7 April 2011

AV or not AV: Some Myths Debunked

In the past week, campaigning for the 5 May constitutional referendum on changing the parliamentary voting system gained momentum, once again bringing tensions within the governing coalition to the fore.  Amidst fears of apathy and low turnout which would call into question the legitimacy of the ballot – likely the result of conflicting and often misleading messages being peddled by both “Yes” and “No” campaigns – the Electoral Commission weighed in, delivering booklets offering official, neutral advice concerning the technical aspects of the systems in question.  However, several of the finer aspects have been largely overlooked thus far.
A primary contention of the “Yes” campaign has been that candidates will, under the AV system, have to work much harder in attracting support from beyond their core clients to secure a majority of the votes and avoid the anomalous scenario whereby a candidate can win a seat with a minority (217 of the 650 MPs elected in 2010 did not achieve a majority).  As far as representative democracy goes, the returning of majorities is to be applauded.  However, unlike the variant of AV employed in Australia, British voters will retain the option of voting for one candidate only in a practice Vernon Bogdanor refers to as ‘plumping’.  Thus, the potential for seats to be secured with a minority of votes would continue unabashed even if AV is enacted.  By the same token, one must question the accuracy of terming an outcome a “majority” when the result consists of non-first preference ballots.  Campaigners from the “Yes” lobby are making promises beyond that which the system can deliver.   While the Alternative Vote is not as complex as some in the “No” camp would like us to believe, and would not require the use of expensive equipment to tally votes, this is scant consolation.
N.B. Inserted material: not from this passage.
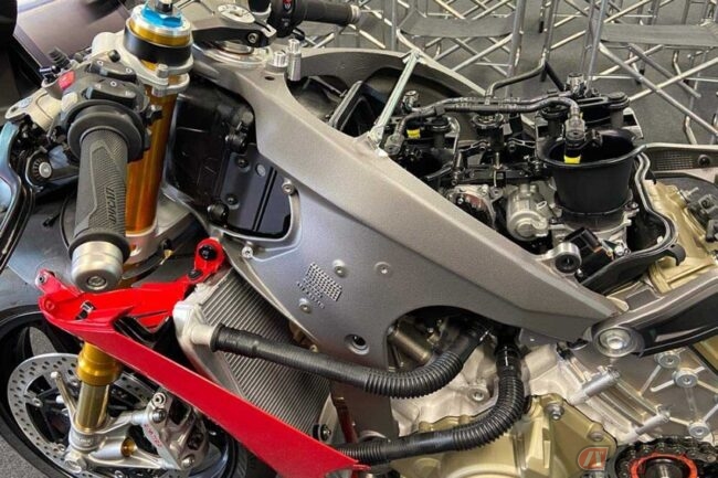 ドゥカティ「パニガーレV4S」のフレーム。エンジンとフロントフォークを繋ぐためのシンプルなパーツに仕上げられています
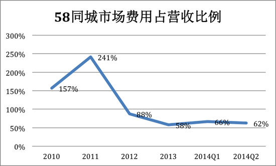 巨額的廣告投放,數千人的線下業務員團隊使58同城市場費用占營收的比例居高不下。2011年市場費用突破1億美元,相當于營收的241%,此后有所回落。2013年及2014年前六個月,基本穩定在營收的60%左右。

Indeed, Bogdanor notes that in Queensland and New South Wales, where plumping is permitted in elections to state legislatures, the practice is rather common – some 63% of voters in Queensland plumped in 2009 after a Labour Party campaign to “Just Vote 1”, while the Green Party similarly advised that second preferences be given to Labour.  This raises another issue concerning AV: tactical voting.  Given the opportunity to rank candidates, it is likely that many will vote with their heart for the first preference and their head for any secondary allocations, thereby giving rise to greater strategic ballot-casting and opening the door for negative campaigning.  Equally, while the plight of AV to allow every voter a meaningful ballot is admirable, such an outcome is not realistic against a backdrop of competitive multi-party politics; as long as a majoritarian system of vote counting is in operation, some electors will inevitably be disappointed – this is the nature of electoral politics.  In this regard, all that the Alternative Vote succeeds in doing is assigning greater weight to the ballots of those electing for nominees from unpopular parties in the first instance, thereby disregarding Aristotelian notions of democratic equality.  Clearly, this challenges the principle of One Man One Vote, justifying the description of AV as ‘unacceptably unfair’ by the Jenkins Report on voting reform.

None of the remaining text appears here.